If you break your leg, the doctor can say to you, we’ll x-ray it,
put you in plaster, it’ll be 6 weeks, we’ll take the pot off do physio and
you’ll be OK, you know the sketch. With grief, who knows?
They say there are 5
stages of grief, denial and isolation, anger, bargaining, depression and
acceptance. I remember looking for something after Mum died that would tell me
how I should be feeling. I found many websites who spoke about this and they
all then sort of backtracked and said you might feel these in any order at
anytime and there’s no telling when each stage will kick in. Helpful!
So here’s my take on grief, you will miss
whoever it is you’ve lost every single day. You miss them in varying amounts
and in different ways, some days you will be absolutely fine and others it will
just hit you like someone has walked up to you in the street and booted you
clean in the stomach. This is all OK, it’s normal and above all it’s OK to miss
someone, don’t pretend they never existed. Just don't let the grief define you, you're not Miss Havisham.

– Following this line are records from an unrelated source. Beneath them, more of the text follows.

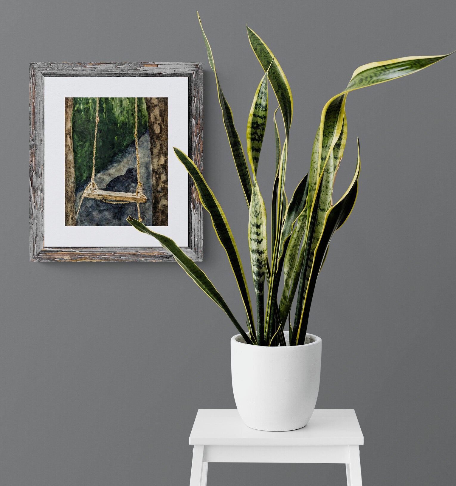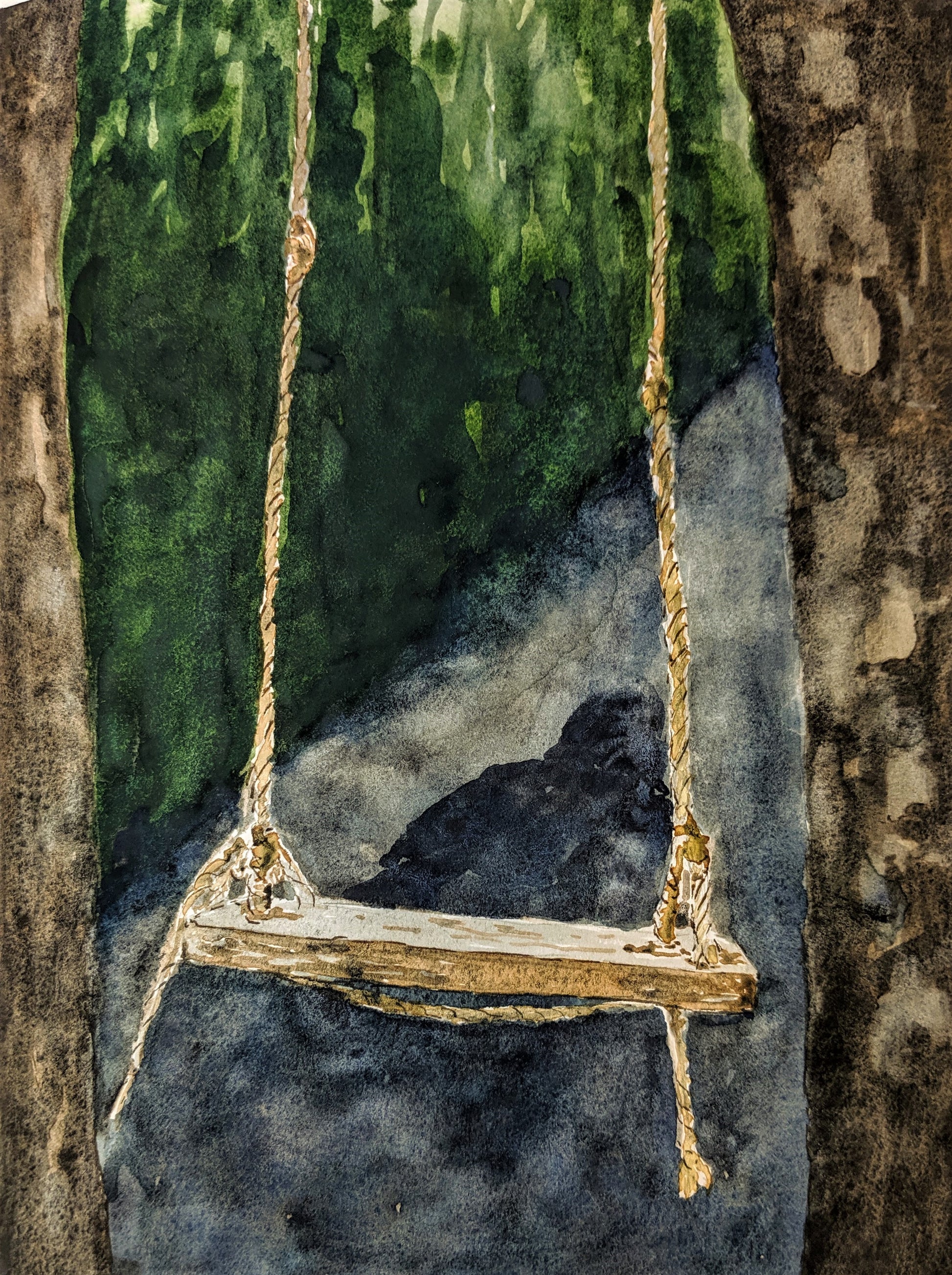 Empty rope swing hovers over shadow of...?
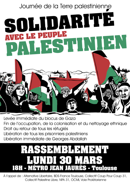 Actualité > Journée de la terre palestinienne : Solidarité avec le peuple palestinien !
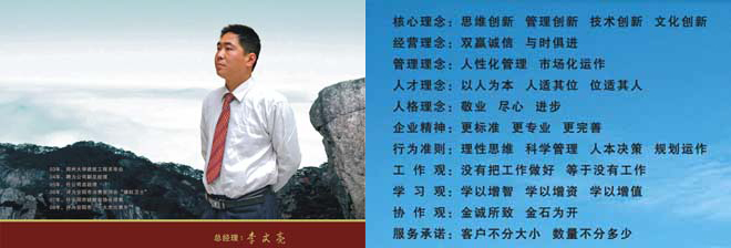 公司(企業)自成立以來,本著為用戶創造價值,為企業創造利潤,為社會創造財富的精神,不斷吸收先jin的企業管理經驗。始終堅持“以人為本,誠信經營”的企業宗旨和“質量、效益、創新、發展”的核心經營管理理念,充分發揮企業特長和先jin的現代化水泥企業管理經驗,在市場運作當中,以良好的服務博得社會各界的認可和好評。
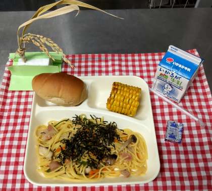 今日は、ウインナーときのこの和風スパゲッティ、焼きとうもろこし、固形チーズ、ミニ黒糖パン、牛乳でした。秋を感じさせるきのこの香りがするスパゲッティと子ども達に人気のとうもろこしを組み合わせました。
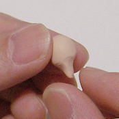 体をくぼみに入れ、爪楊枝の先で押さえる
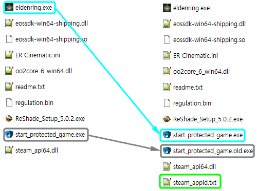 "start_protected_game.exe" 파일이 "eldenring.exe" 파일로 대체되어 있었다면, 원래의 "start_protected_game.exe" 파일로 되돌립니다.
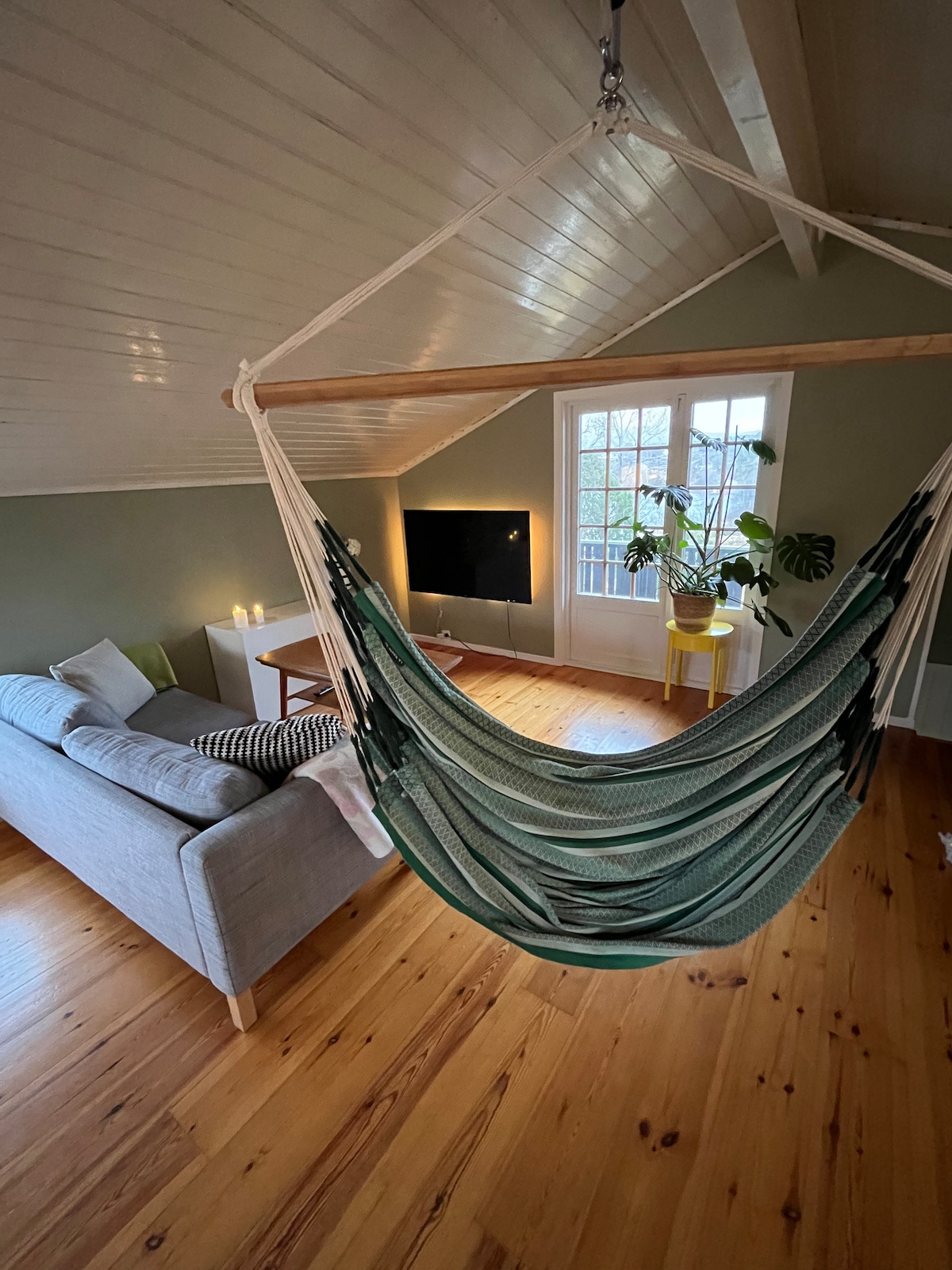 Căn gác gara ấm cúng với bếp nhỏ và phòng tắm với vòi sen và nhà vệ sinh. Phòng khách VÀ phòng ngủ trong cùng một phòng. Khu vực ăn uống, bếp nhỏ, tủ lạnh và máy pha cà phê. Sử dụng phòng giặt có máy giặt và máy sấy, bàn là và cầu là. Nhìn từ hiên/lối vào. Lối vào riêng và bãi đỗ xe miễn phí trước gara. Giường giày cho trẻ nhỏ có thể được sử dụng.

So what I’ve told myself is that once in a
while I’m allowed to feel sad and the occasional date with Mr Cadbury is OK,
but it has to be rare and not the norm! There would have been a time where I
would have let those feelings of sadness take over completely, but the next
day, I put it behind me and got straight back on track, comfort eating never
really offered me any comfort, it just made me fat and miserable and I’m on a
mission to be slinky!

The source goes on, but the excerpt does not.